Reshaping a tensor means rearranging its rows and columns to match a traget shape.Naturally the reshaped tensor has the same total number of coefficients as the initial tensor.

In [93]:
x = np.array([[0,1],
             [1,2],
             [3,5]])
x.shape

(3, 2)

In [97]:
x = x.reshape((6,1))
x

array([[0],
       [1],
       [1],
       [2],
       [3],
       [5]])

In [98]:
x = x.reshape((2,3))
x

array([[0, 1, 1],
       [2, 3, 5]])

**Transposing**  
A special case of reshpaing that's commanly encountered is transposition.Transposing a matrix means exchanging its rows and its columns, so that `x[i,:]` changes to `x[:,i]`.

In [109]:
x = np.zeros((300,20))
x = np.transpose(x)
x.shape

(20, 300)

#### 3.5 Geometric interpretation of tensor operations
---  

Because the contents of the tensors manipulated by tensosr operations can be interpreted as cordinated of points in some geometric space, all tensor opearations havea geometric interpretation.  

In general,elementary geometric operations such as affine trnasformation, rotations,scaling, and so on can be expressed as tensor operations.


#### 3.6 Geometric interpretation of deep learning
---

Neural networks consist entirely of chains of tensor operations and that all of these operation are just geometric trandformation of the input data. It follows that you can interpret a neural network as a very complex geometric trnasformations in a high-dimensional space, implementes via a long series of simple steps.  

In 3D, Imagine two sheets of colured paper: one red and one blue.Put one on top of other. Now crumble them togther in a small ball. That crumbled paper ball is your input data, and each sheet of a paper is a class data like classification problem.What a neural network or any other machine-learning model will do is to figure out a transformation of the paper ball that would uncrumble, so as to make the two classes a clearly seprable again.With deep learning this would be implemnted as a series of simple transformation of the 3D space. Such as those which we can apply to the crumbled ball with our fingers, one movement at a time.  

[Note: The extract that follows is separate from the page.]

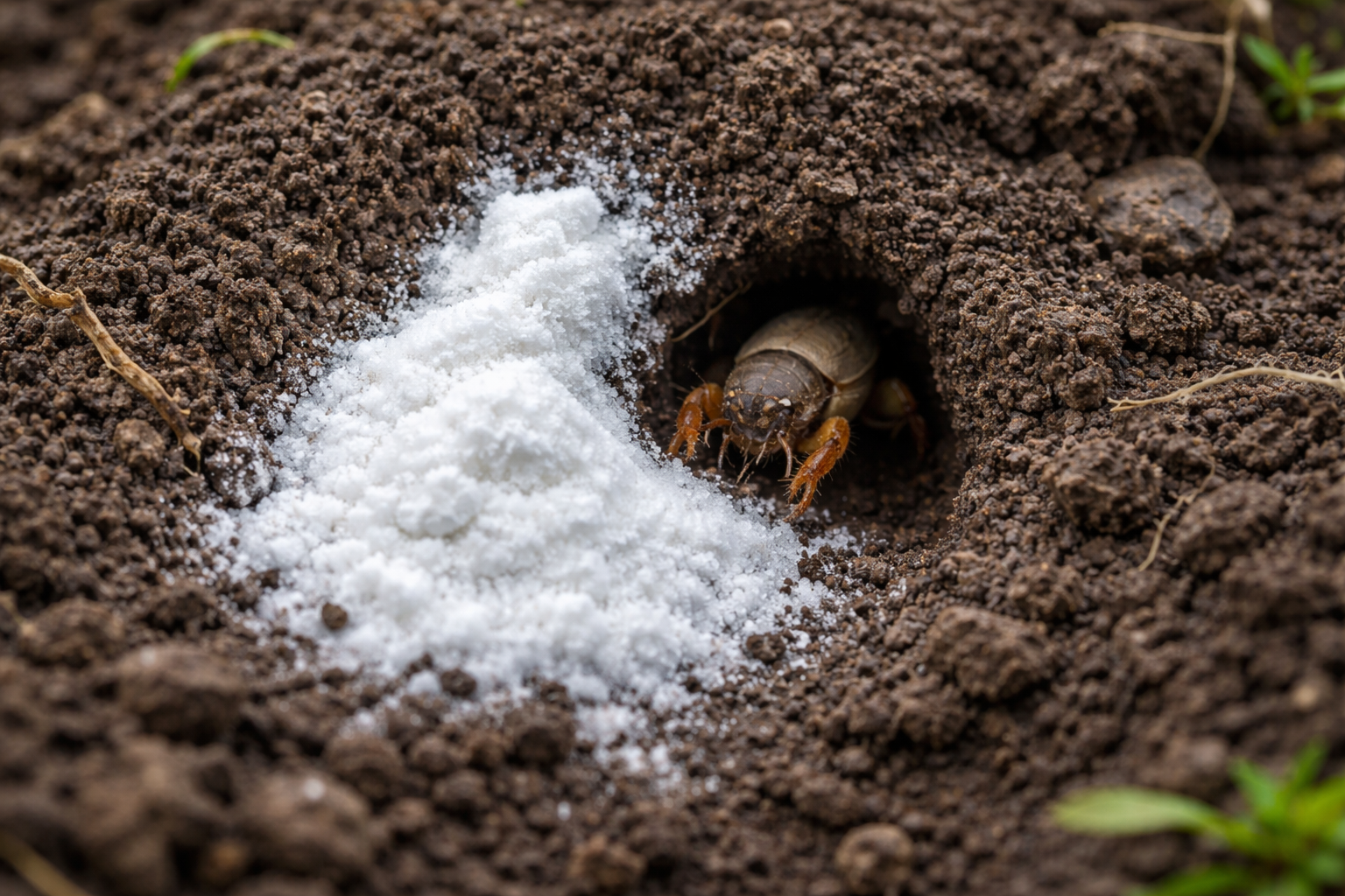 Hlavní tajná nuance: prášek před ošetřením nikdy neřeďte ve vodě, sypte ho striktně v suché formě přímo do nory a vlhkost přidávejte pouze nahoře, abyste v půdě vytvořili odolnou alkalickou bariéru.

Uncrumbling paper balls is what machine learning is about: Finding neat represnetation for complex, highly folded data manifolds.Deep learning works so well because it take approach of incrementally decomposing a complicated geoemetric tranformation into a long chain of elementry ones, which os pretty much the strategy a human would follow to uncrumble a paper ball. Each layer in a deep network applies a transformation that disentangles the data a little-- and deep stack of layers makes tractable and extremly complicated disentanglement process.